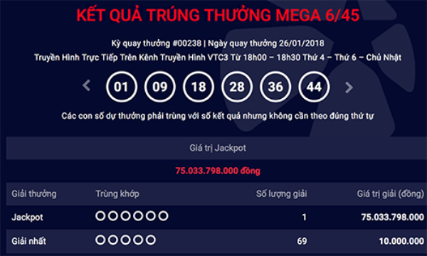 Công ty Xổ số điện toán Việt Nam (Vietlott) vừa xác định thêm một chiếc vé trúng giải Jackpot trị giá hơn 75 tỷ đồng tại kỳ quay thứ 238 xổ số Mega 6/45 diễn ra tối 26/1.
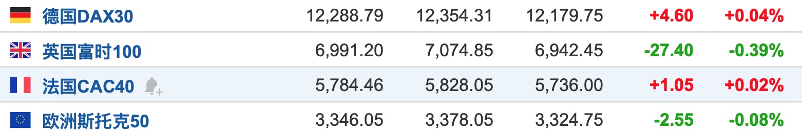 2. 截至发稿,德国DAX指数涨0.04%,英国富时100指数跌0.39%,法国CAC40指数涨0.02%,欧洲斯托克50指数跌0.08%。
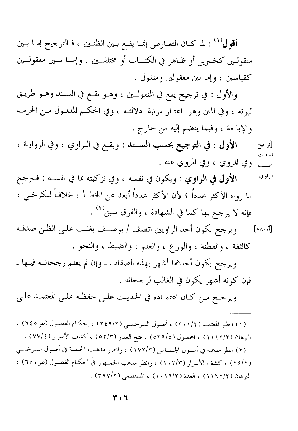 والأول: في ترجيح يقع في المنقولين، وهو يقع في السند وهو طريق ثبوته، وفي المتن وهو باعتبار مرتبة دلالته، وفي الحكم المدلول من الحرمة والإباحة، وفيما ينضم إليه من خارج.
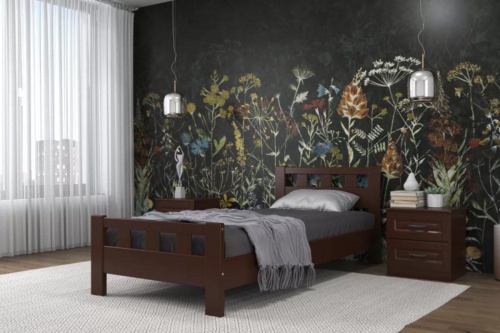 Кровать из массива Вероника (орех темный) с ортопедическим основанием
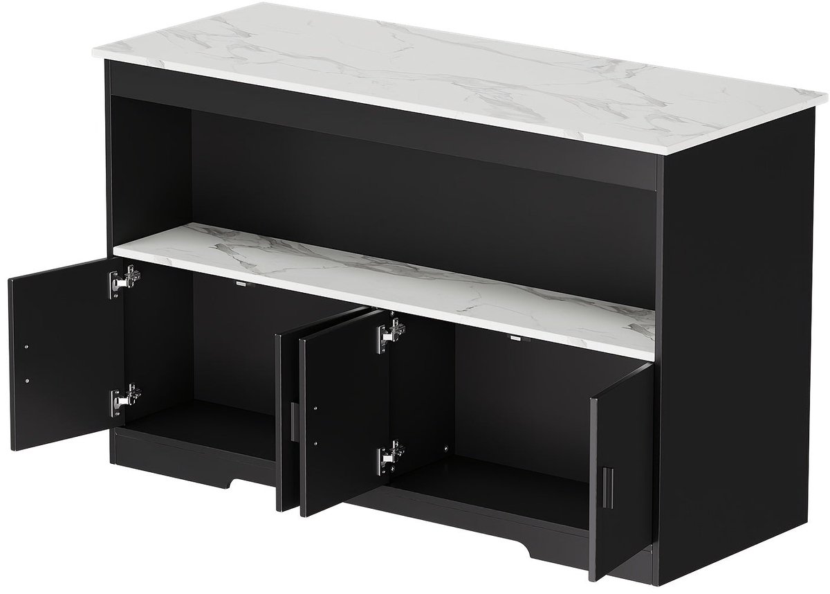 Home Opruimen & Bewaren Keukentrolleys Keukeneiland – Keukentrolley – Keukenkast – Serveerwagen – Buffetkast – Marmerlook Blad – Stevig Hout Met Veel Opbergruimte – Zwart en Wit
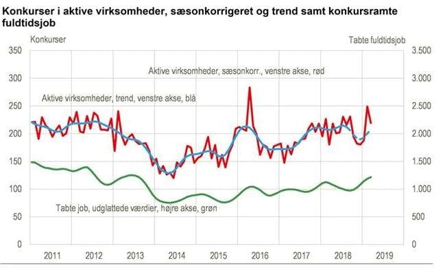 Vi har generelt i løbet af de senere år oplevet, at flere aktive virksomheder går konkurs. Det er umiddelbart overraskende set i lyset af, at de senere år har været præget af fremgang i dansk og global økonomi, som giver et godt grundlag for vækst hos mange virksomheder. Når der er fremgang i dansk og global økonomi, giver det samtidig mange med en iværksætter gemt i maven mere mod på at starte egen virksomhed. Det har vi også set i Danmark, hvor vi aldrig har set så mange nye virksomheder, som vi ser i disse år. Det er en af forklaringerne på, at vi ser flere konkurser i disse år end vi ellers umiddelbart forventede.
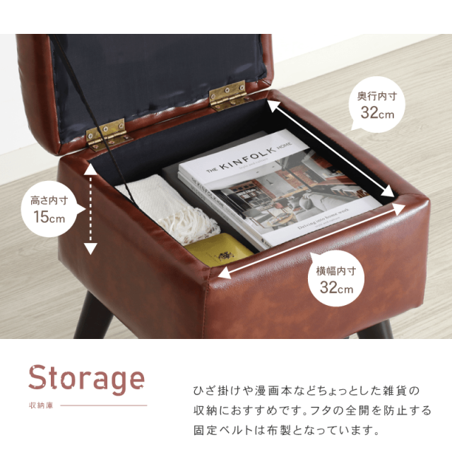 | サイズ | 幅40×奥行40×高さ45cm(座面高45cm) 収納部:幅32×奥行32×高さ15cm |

● ● ● ● ●

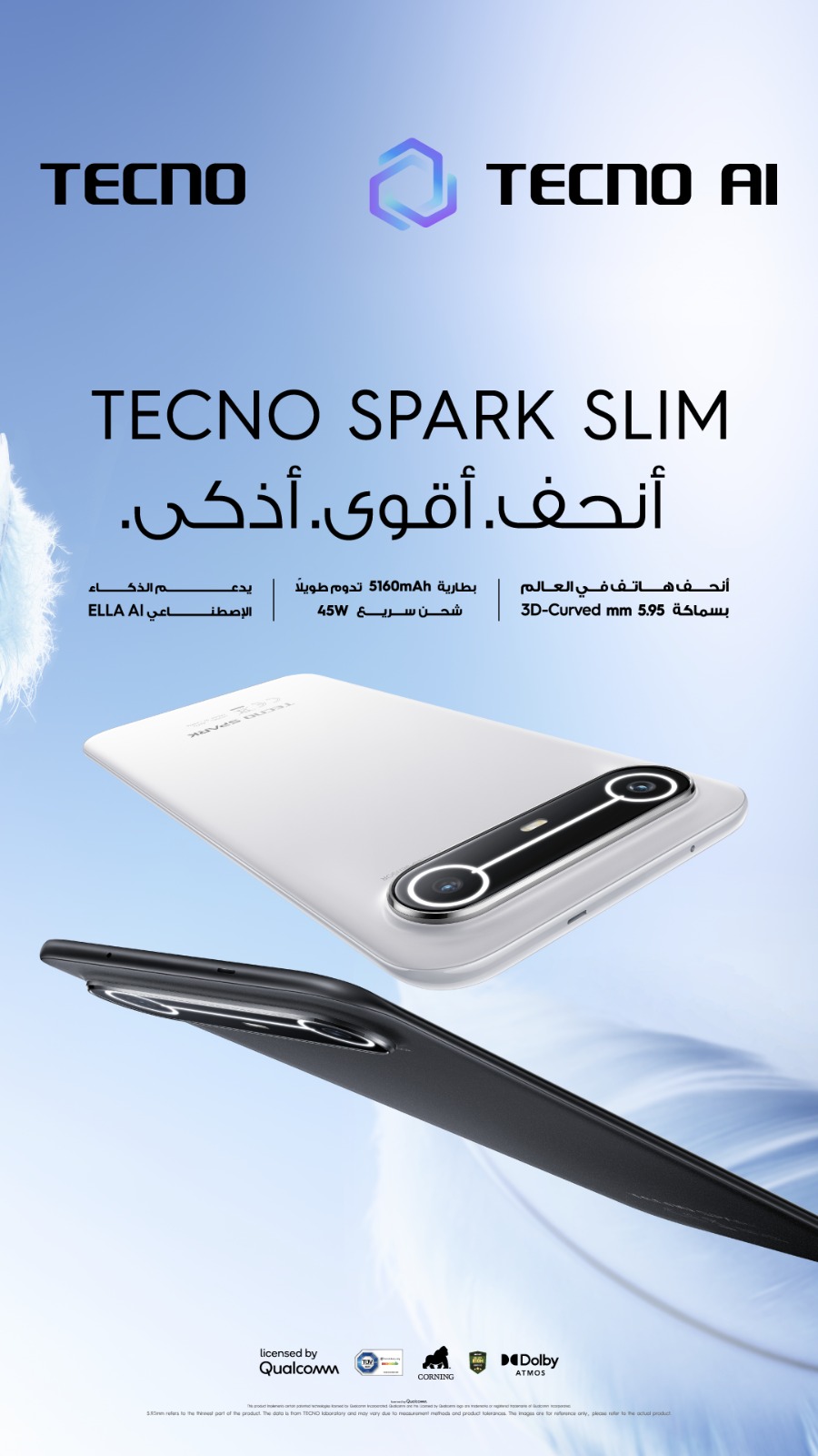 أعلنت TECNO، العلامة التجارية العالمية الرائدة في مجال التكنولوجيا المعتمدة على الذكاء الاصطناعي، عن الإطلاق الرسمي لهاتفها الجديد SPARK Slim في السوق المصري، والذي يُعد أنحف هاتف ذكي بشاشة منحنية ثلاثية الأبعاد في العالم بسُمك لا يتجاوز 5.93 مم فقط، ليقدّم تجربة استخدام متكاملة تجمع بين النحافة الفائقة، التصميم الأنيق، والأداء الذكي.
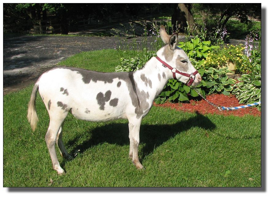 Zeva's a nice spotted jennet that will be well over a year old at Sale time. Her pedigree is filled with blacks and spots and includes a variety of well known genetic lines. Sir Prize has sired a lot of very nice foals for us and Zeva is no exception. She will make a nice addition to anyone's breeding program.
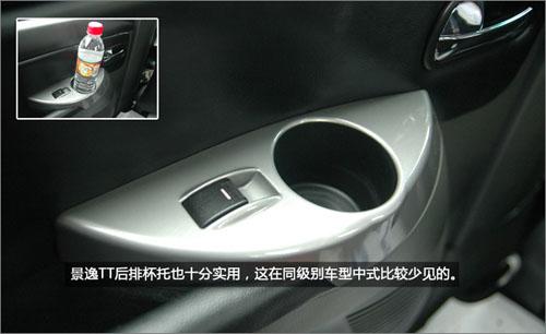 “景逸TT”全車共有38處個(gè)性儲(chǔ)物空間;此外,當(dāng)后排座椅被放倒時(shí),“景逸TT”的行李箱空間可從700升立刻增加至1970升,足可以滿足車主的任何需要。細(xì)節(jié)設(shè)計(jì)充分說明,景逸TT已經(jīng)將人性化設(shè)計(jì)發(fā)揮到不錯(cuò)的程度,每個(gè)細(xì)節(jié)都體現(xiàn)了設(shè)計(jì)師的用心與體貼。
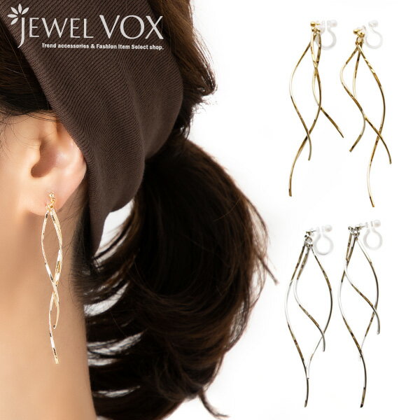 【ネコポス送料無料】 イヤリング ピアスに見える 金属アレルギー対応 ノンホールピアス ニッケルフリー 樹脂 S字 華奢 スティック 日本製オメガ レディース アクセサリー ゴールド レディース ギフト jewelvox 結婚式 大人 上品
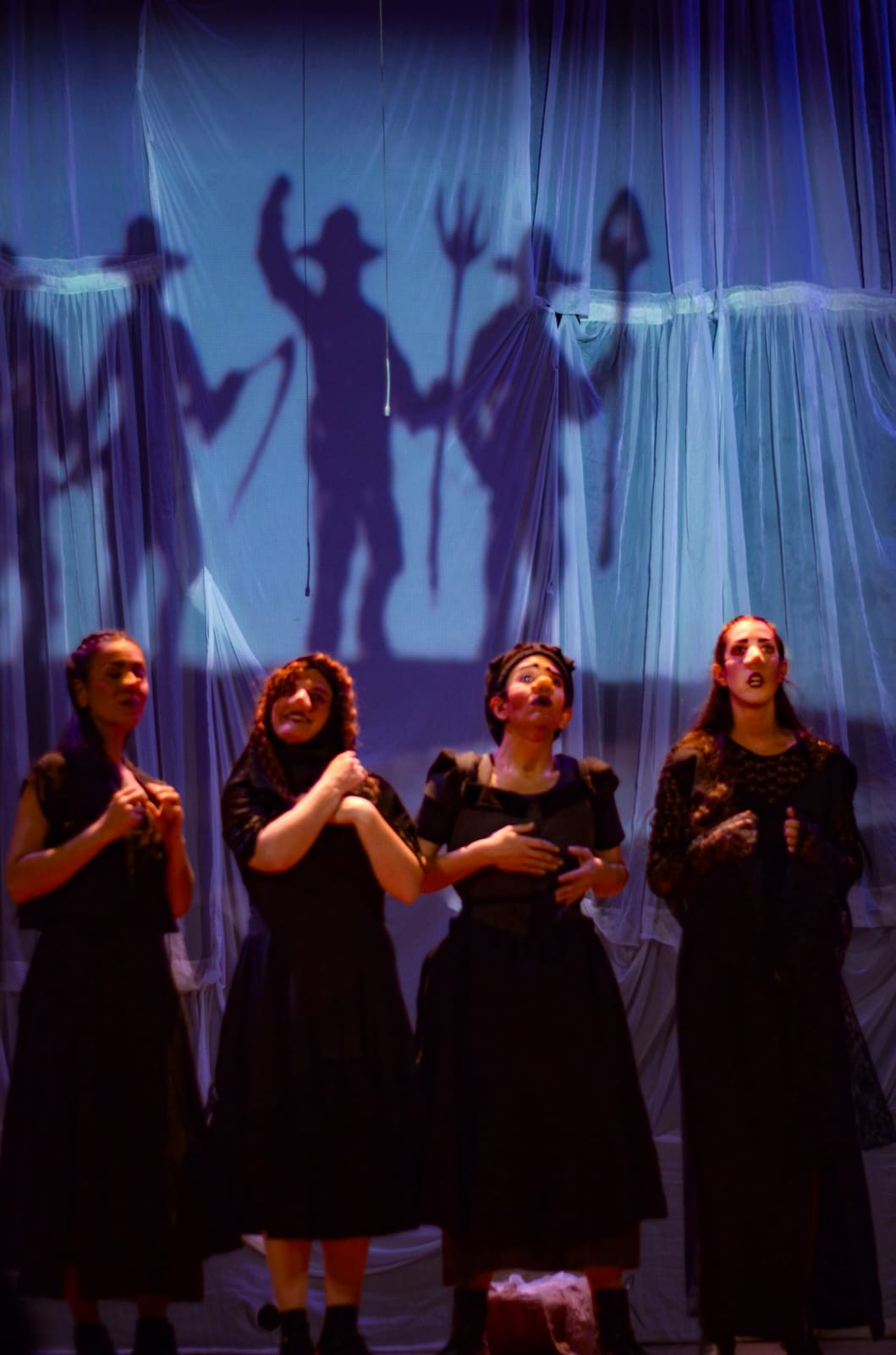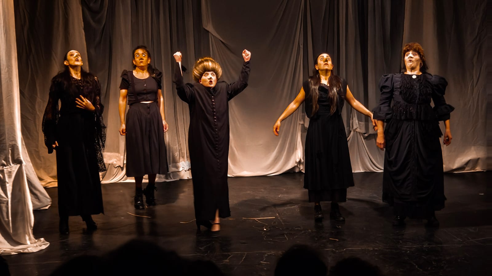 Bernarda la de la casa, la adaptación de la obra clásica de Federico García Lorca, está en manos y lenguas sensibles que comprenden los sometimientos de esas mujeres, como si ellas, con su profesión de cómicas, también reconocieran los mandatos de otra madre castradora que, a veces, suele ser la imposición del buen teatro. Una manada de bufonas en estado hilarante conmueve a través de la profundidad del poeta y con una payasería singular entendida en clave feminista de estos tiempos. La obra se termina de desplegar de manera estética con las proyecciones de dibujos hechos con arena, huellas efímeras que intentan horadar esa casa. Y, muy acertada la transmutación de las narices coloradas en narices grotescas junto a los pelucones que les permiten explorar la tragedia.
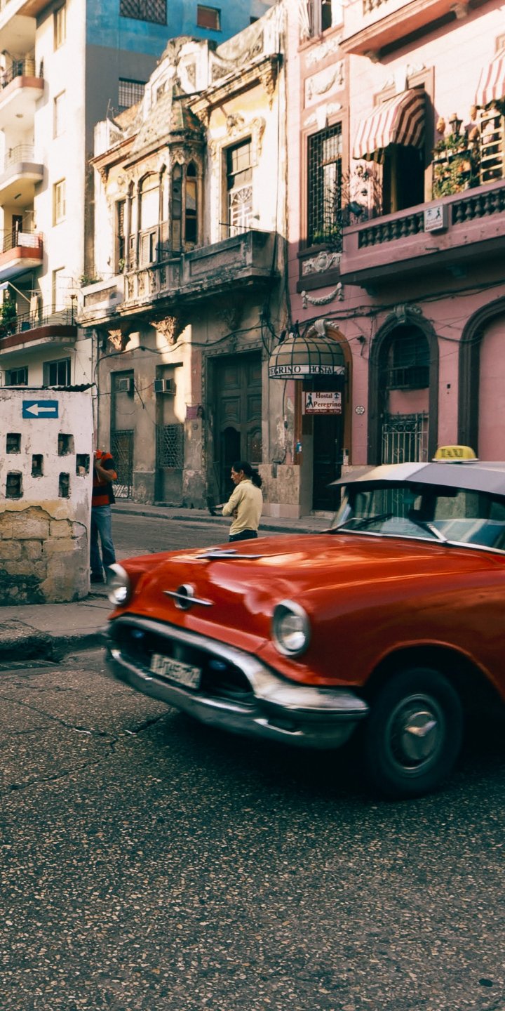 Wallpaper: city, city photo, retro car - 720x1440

● ● ● ● ●

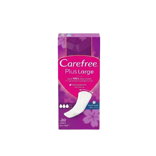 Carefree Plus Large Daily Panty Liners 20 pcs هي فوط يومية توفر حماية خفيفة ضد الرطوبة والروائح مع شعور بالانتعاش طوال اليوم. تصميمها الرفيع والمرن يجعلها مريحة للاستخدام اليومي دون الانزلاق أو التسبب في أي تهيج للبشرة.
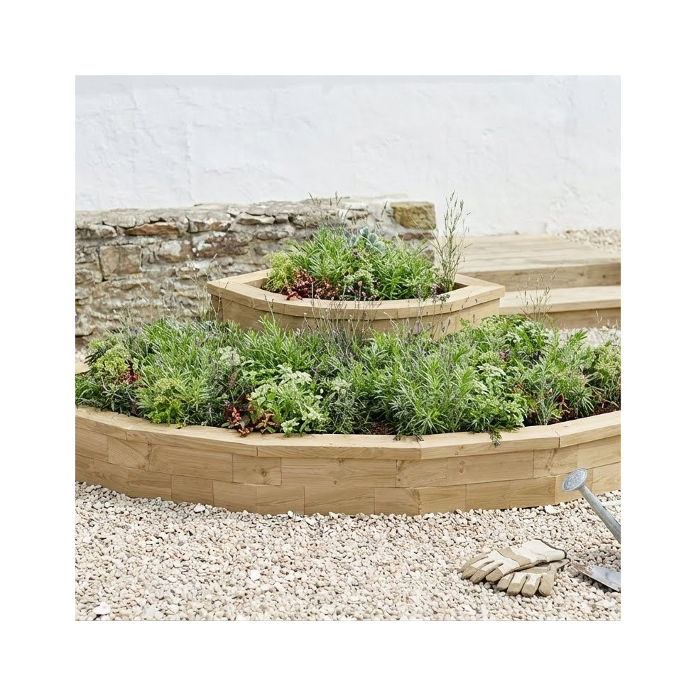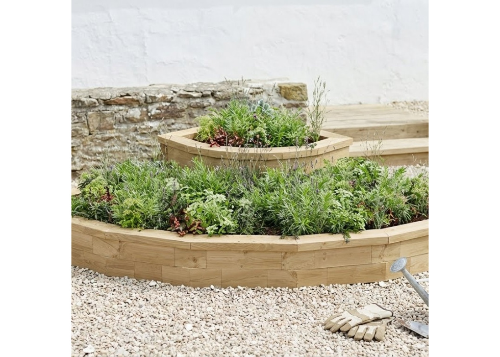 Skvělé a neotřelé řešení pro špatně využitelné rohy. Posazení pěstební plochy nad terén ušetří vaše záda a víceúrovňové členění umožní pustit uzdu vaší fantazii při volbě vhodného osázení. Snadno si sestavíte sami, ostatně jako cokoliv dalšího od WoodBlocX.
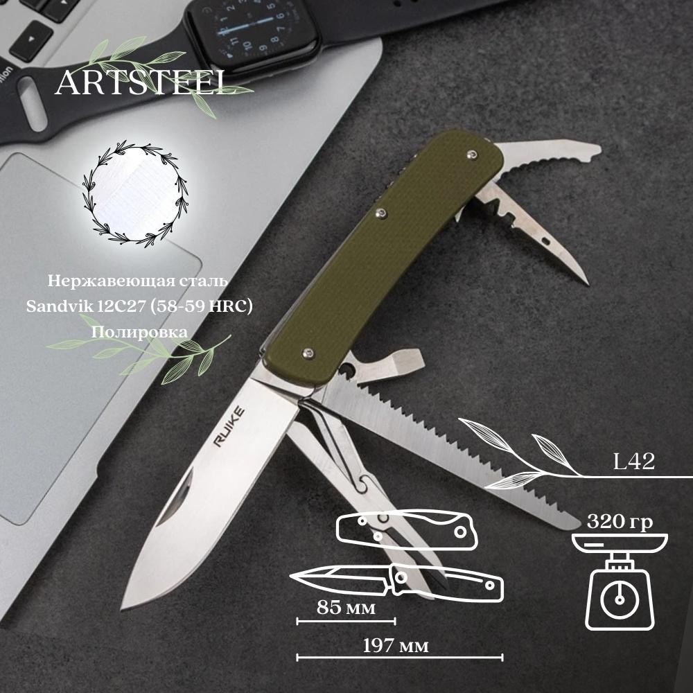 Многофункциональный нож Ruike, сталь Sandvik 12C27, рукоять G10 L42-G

● ● ● ● ●

▸ **ABOUT THIS EXERCISE**
Set down again, exactly, every line above from the one with "والأول: في ترجيح" down to the one with "幅40×奥行40×高さ45cm(座面高45cm) 収納部:幅32×奥行32×高さ15cm |", both ends included. No pictures, and nothing else.

▸ **EXERCISE RESULT**
 والأول: في ترجيح يقع في المنقولين، وهو يقع في السند وهو طريق ثبوته، وفي المتن وهو باعتبار مرتبة دلالته، وفي الحكم المدلول من الحرمة والإباحة، وفيما ينضم إليه من خارج.
 Кровать из массива Вероника (орех темный) с ортопедическим основанием
 Home Opruimen & Bewaren Keukentrolleys Keukeneiland – Keukentrolley – Keukenkast – Serveerwagen – Buffetkast – Marmerlook Blad – Stevig Hout Met Veel Opbergruimte – Zwart en Wit
 Vi har generelt i løbet af de senere år oplevet, at flere aktive virksomheder går konkurs. Det er umiddelbart overraskende set i lyset af, at de senere år har været præget af fremgang i dansk og global økonomi, som giver et godt grundlag for vækst hos mange virksomheder. Når der er fremgang i dansk og global økonomi, giver det samtidig mange med en iværksætter gemt i maven mere mod på at starte egen virksomhed. Det har vi også set i Danmark, hvor vi aldrig har set så mange nye virksomheder, som vi ser i disse år. Det er en af forklaringerne på, at vi ser flere konkurser i disse år end vi ellers umiddelbart forventede.
 | サイズ | 幅40×奥行40×高さ45cm(座面高45cm) 収納部:幅32×奥行32×高さ15cm |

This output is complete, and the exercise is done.